The ProPublica investigation of COMPAS in 2016 revealed that the tool was twice as likely to falsely flag Black defendants as future criminals compared to white defendants. This finding ignited a debate that has only intensified: can algorithmic tools be made fair, or does the very act of predicting criminal behavior from historical data reproduce structural inequality?
Why It Matters
Gao (2025) examines AI's dual role in criminal sentencing—its capacity to both mitigate and exacerbate existing biases. The analysis reveals a fundamental asymmetry: while algorithms can identify and partially correct for some forms of judicial bias (inconsistency between judges, anchoring effects), they can also systematize and scale biases that were previously idiosyncratic. A biased judge affects one courtroom; a biased algorithm affects every courtroom that uses it. The study documents how algorithmic tools create an illusion of neutrality that makes bias harder to identify and challenge—defendants and their lawyers cannot cross-examine an algorithm the way they can challenge a human expert's testimony.
Song (2024) tackles the mathematical foundations of algorithmic fairness and reveals a result that has profound implications for policy: multiple statistical measures of fairness are mathematically incompatible. An algorithm cannot simultaneously satisfy calibration (risk scores mean the same thing across groups), false positive rate parity (equal rates of wrongful high-risk classification), and false negative rate parity (equal rates of wrongful low-risk classification) unless base rates are identical across groups—which they are not, given differential arrest and conviction rates.
The Science
The Impossibility of Simultaneous Fairness
Song (2024) formalizes the fairness constraints that courts, legislators, and algorithm designers implicitly navigate. The impossibility theorem means that every recidivism prediction tool necessarily chooses which groups bear the cost of prediction errors. If the tool is calibrated (a "7 out of 10" risk score means the same probability regardless of race), then it will produce unequal false positive rates across groups with different base rates.
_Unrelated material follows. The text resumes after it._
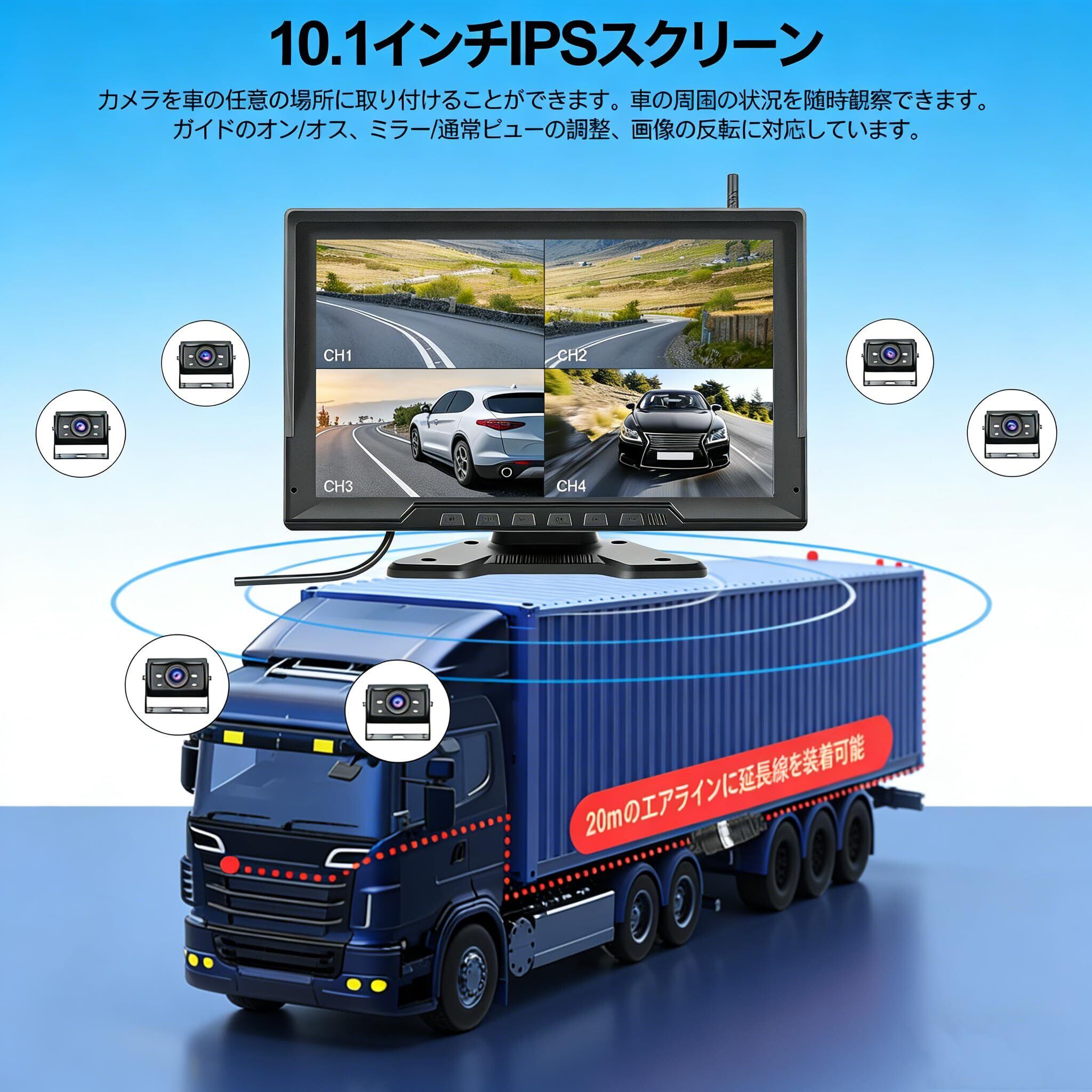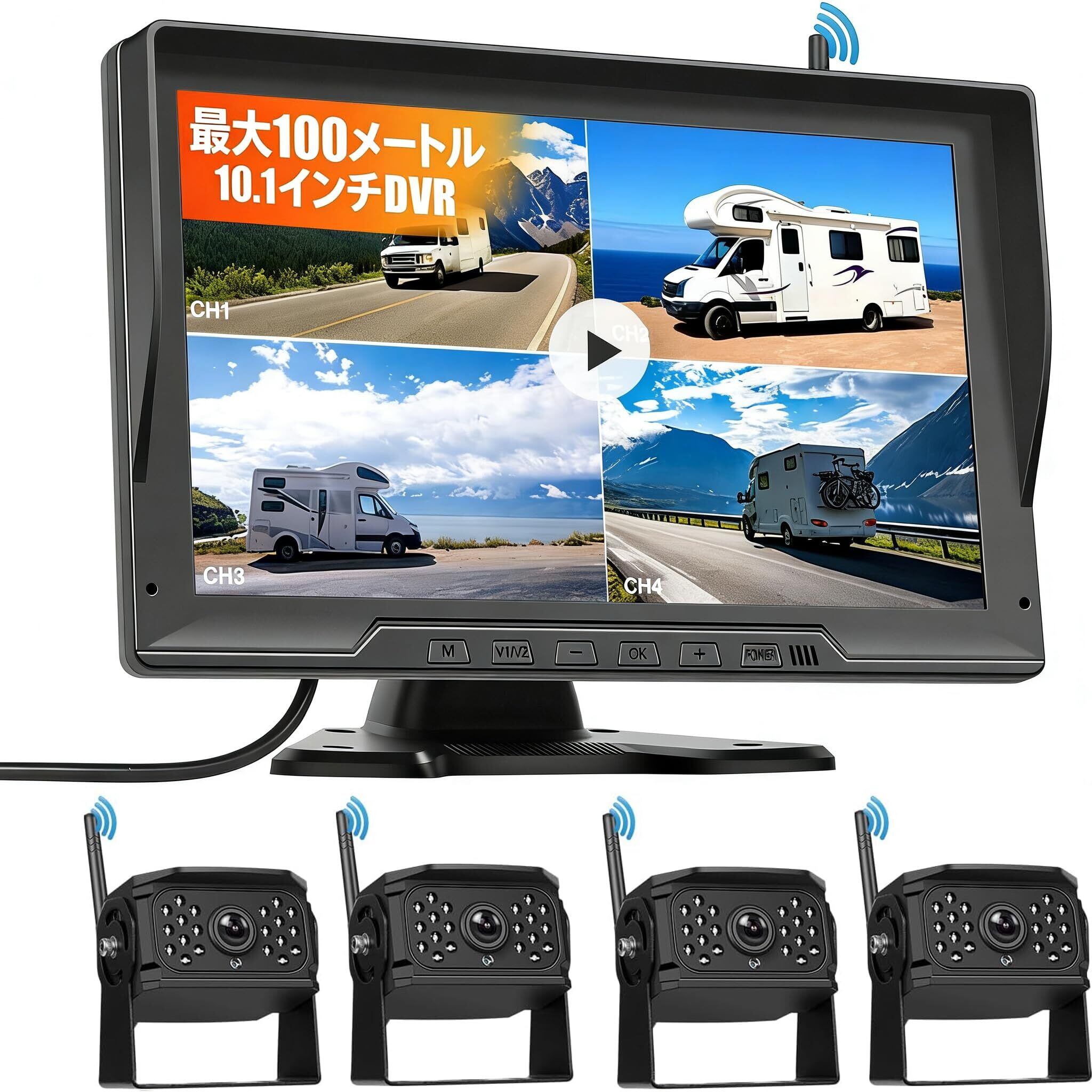 ワイヤレスバックカメラキット、10.1インチHD 4画面分割オンダッシュモニター 録画機能付き、駐車監視機能付き、IP68防水ナイトビジョンバックカメラ、12-36V兼用 4個カメラ付きセット(キャラバン/バス/トレーラー/トラック用)

If it equalizes false positive rates, it sacrifices calibration. This is not a technical problem awaiting a clever solution—it is a mathematical constraint that requires an explicit value judgment about the acceptable distribution of error.
Bias Detection and Mitigation Attempts
Oikonomou, Bailis, and Bentos (2025) apply fairness-aware machine learning to the Greek prison system—extending the conversation beyond the heavily studied American context. Their analysis of recidivism prediction models reveals that standard ML algorithms (random forests, gradient boosting) produce significant disparities across demographic groups, and that post-hoc fairness interventions (threshold adjustments, re-weighting) can reduce but not eliminate these disparities. Notably, interventions that improve fairness along one dimension often degrade it along another, confirming the impossibility results at the empirical level.
Transparency and Explainability
Cavus, Benli, and Altuntas (2025) propose a framework combining deep learning with clustering techniques to create more transparent and bias-resilient recidivism prediction. Their approach clusters defendants into more homogeneous subgroups before applying prediction models, reducing the impact of between-group base rate differences. The framework also incorporates explainability features that allow stakeholders to understand which factors drive individual predictions—a critical requirement for due process.
Accuracy-Fairness Trade-offs
Farayola, Tal, and Saber (2025) directly examine the trade-off between prediction accuracy and fairness, and its implications for trust and equity. Their analysis demonstrates that fairness-constrained models consistently sacrifice some predictive accuracy—the question is how much accuracy loss is acceptable to achieve meaningful fairness improvements. The study finds that moderate fairness constraints produce only small accuracy reductions, suggesting that the accuracy-fairness trade-off is less severe than algorithm developers often claim.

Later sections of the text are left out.